┌─ Dataset excerpts

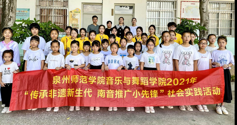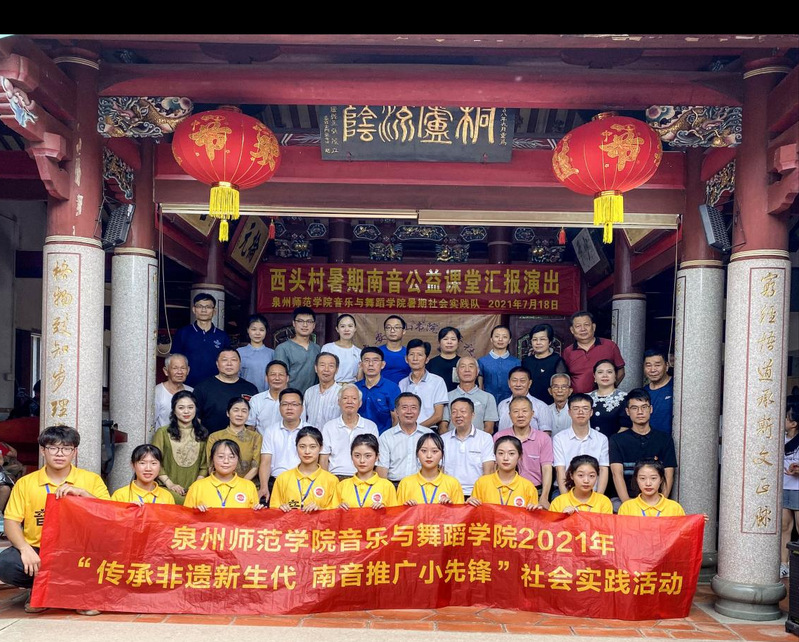 为引领学生在社会实践中受教育、长才干、作贡献,以实际行动投身乡村振兴战略实施,勇做担当民族复兴大任的时代新人,7月13日—7月18日,音乐与舞蹈学院“传承非遗新生代·南音推广小先锋”暑期社会实践队一行12人赴惠安县净峰镇西头村开展为期一周的社会实践活动,本次社会活动包含了南音公益课堂、南音社拜馆、南音公益快闪、环保宣传、校园安全宣传、党史宣传教育、汇报演出等丰富多彩的实践内容。
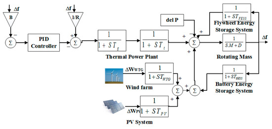 A microgrid is created by combining thermal, PV, wind, and energy storage systems (BESS, FESS). The governor and turbine are part of the thermal power plant. Figure 1 depicts the general construction of an alternating current (AC) microgrid. The Appendix A contains the nominal parameters of the proposed system model [37]. The mathematical function of the proposed system model is provided in Equations (1)–(7), and the transfer function model of the investigated system is presented in Figure 2 [37]. In Figure 2, B denotes the biasing constant, R represents the regulator constant, del P is the small load disturbance, f represents the system frequency, and ∆f denotes the change in frequency.
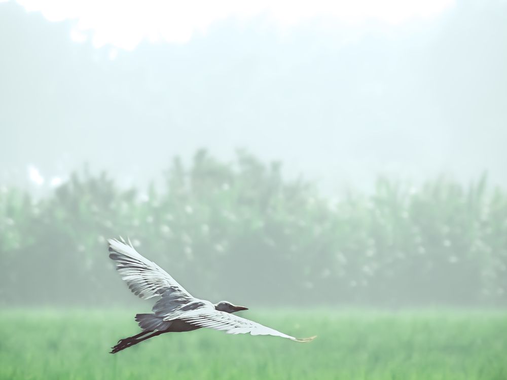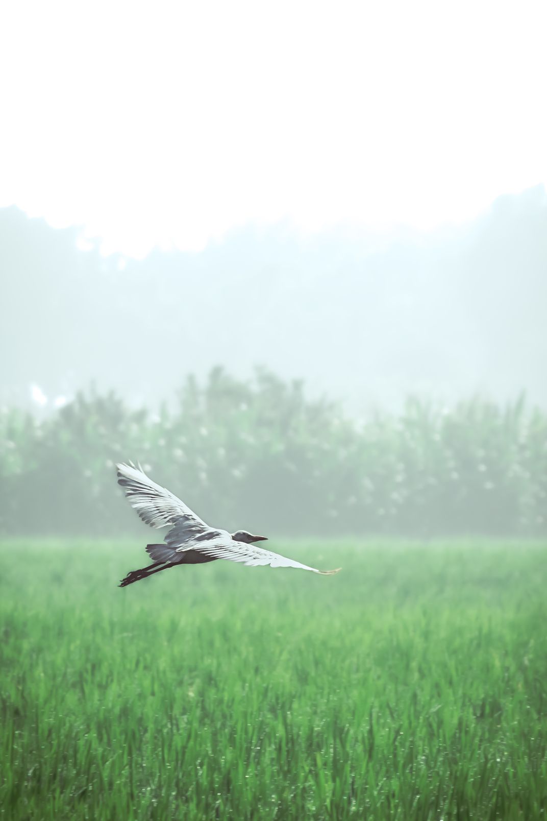 A photograph documenting a bird in flight amidst the green crops in the early morning in an Egyptian rural village.
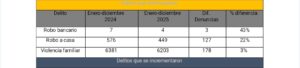 Entre los delitos que disminuyeron se encuentran el robo a casa habitación, con una baja del 22%; el robo bancario, que cayó 43%; y la violencia familiar, con una reducción marginal del 3%. Si bien estas disminuciones ofrecen señales puntuales de mejora, su impacto es limitado frente al crecimiento generalizado de la criminalidad.
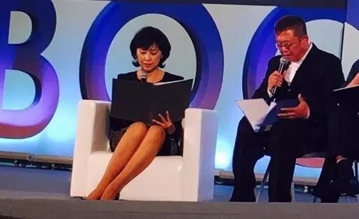 如今64岁的朱琳老师在现场朗诵的活动照是这样的

└─

Task to complete -
Copy the listing above exactly, minus the pictures.

Your response -
 为引领学生在社会实践中受教育、长才干、作贡献,以实际行动投身乡村振兴战略实施,勇做担当民族复兴大任的时代新人,7月13日—7月18日,音乐与舞蹈学院“传承非遗新生代·南音推广小先锋”暑期社会实践队一行12人赴惠安县净峰镇西头村开展为期一周的社会实践活动,本次社会活动包含了南音公益课堂、南音社拜馆、南音公益快闪、环保宣传、校园安全宣传、党史宣传教育、汇报演出等丰富多彩的实践内容。
 A microgrid is created by combining thermal, PV, wind, and energy storage systems (BESS, FESS). The governor and turbine are part of the thermal power plant. Figure 1 depicts the general construction of an alternating current (AC) microgrid. The Appendix A contains the nominal parameters of the proposed system model [37]. The mathematical function of the proposed system model is provided in Equations (1)–(7), and the transfer function model of the investigated system is presented in Figure 2 [37]. In Figure 2, B denotes the biasing constant, R represents the regulator constant, del P is the small load disturbance, f represents the system frequency, and ∆f denotes the change in frequency.
 A photograph documenting a bird in flight amidst the green crops in the early morning in an Egyptian rural village.
 Entre los delitos que disminuyeron se encuentran el robo a casa habitación, con una baja del 22%; el robo bancario, que cayó 43%; y la violencia familiar, con una reducción marginal del 3%. Si bien estas disminuciones ofrecen señales puntuales de mejora, su impacto es limitado frente al crecimiento generalizado de la criminalidad.
 如今64岁的朱琳老师在现场朗诵的活动照是这样的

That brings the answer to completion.